From: Arnd Bergmann <arnd@arndb.de>
To: virtualization@lists.linux-foundation.org
Cc: "Michael S. Tsirkin" <mst@redhat.com>,
netdev@vger.kernel.org, kvm@vger.kernel.org,
linux-kernel@vger.kernel.org, mingo@elte.hu, linux-mm@kvack.org,
akpm@linux-foundation.org, hpa@zytor.com,
gregory.haskins@gmail.com
Subject: Re: [PATCHv3 2/2] vhost_net: a kernel-level virtio server
Date: Fri, 14 Aug 2009 13:40:36 +0200 [thread overview]
Message-ID: <200908141340.36176.arnd@arndb.de> (raw)
In-Reply-To: <20090813182931.GC6585@redhat.com>
On Thursday 13 August 2009, Michael S. Tsirkin wrote:
> What it is: vhost net is a character device that can be used to reduce
> the number of system calls involved in virtio networking.
> Existing virtio net code is used in the guest without modification.
AFAICT, you have addressed all my comments, mostly by convincing me
that you got it right anyway ;-).
I hope this gets into 2.6.32, good work!
> Signed-off-by: Michael S. Tsirkin <mst@redhat.com>
Acked-by: Arnd Bergmann <arnd@arndb.de>
One idea though:
> + /* Parameter checking */
> + if (sock->sk->sk_type != SOCK_RAW) {
> + r = -ESOCKTNOSUPPORT;
> + goto done;
> + }
> +
> + r = sock->ops->getname(sock, (struct sockaddr *)&uaddr.sa,
> + &uaddr_len, 0);
> + if (r)
> + goto done;
> +
> + if (uaddr.sa.sll_family != AF_PACKET) {
> + r = -EPFNOSUPPORT;
> + goto done;
> + }
You currently limit the scope of the driver by only allowing raw packet
sockets to be passed into the network driver. In qemu, we currently support
some very similar transports:
* raw packet (not in a release yet)
* tcp connection
* UDP multicast
* tap character device
* VDE with Unix local sockets
My primary interest right now is the tap support, but I think it would
be interesting in general to allow different file descriptor types
in vhost_net_set_socket.

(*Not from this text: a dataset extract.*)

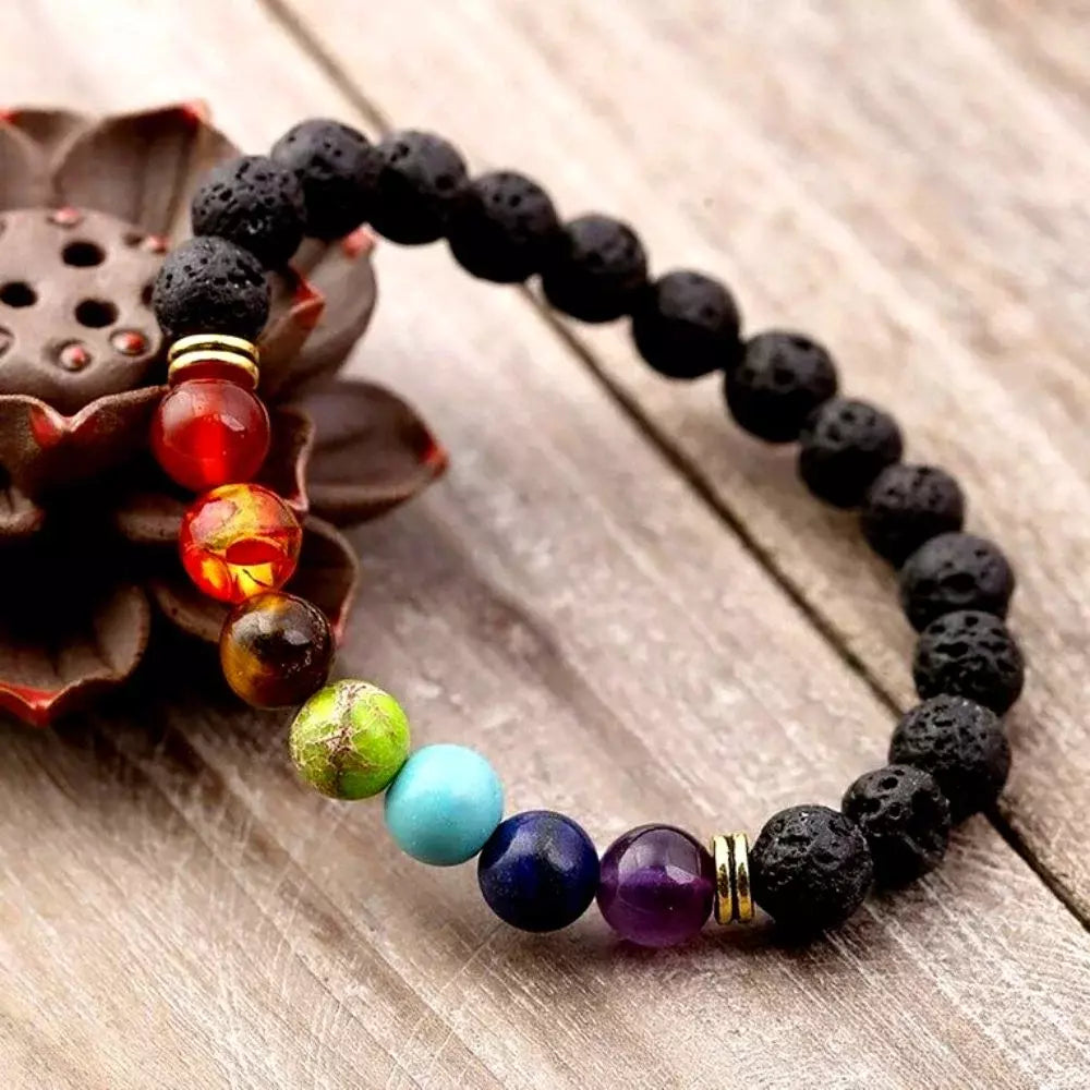 Bransoletka wykonana jest z naturalnej lawy wulkanicznej, znanej z właściwości absorbujących olejki eteryczne. Dzięki temu możesz dodać ulubiony zapach i cieszyć się jego kojącym działaniem przez cały dzień. Siedem kolorowych koralików reprezentuje siedem głównych czakr – każda z nich odpowiada za inne aspekty duchowe i emocjonalne: od miłości i spokoju po kreatywność i siłę wewnętrzną.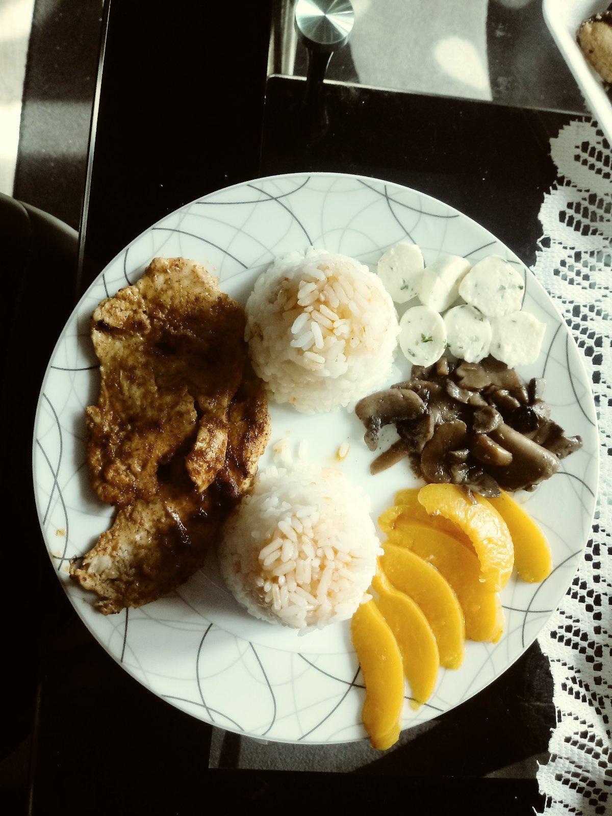 Gril, kuracia mäso s ryžou broskýňou hubami a mozzarelou

AFAICT, there are two major differences
that we need to handle for this:
* most of the transports are sockets, tap uses a character device.
This could be dealt with by having both a struct socket * in
struct vhost_net *and* a struct file *, or by always keeping the
struct file and calling vfs_readv/vfs_writev for the data transport
in both cases.
* Each transport has a slightly different header, we have
- raw ethernet frames (raw, udp multicast, tap)
- 32-bit length + raw frames, possibly fragmented (tcp)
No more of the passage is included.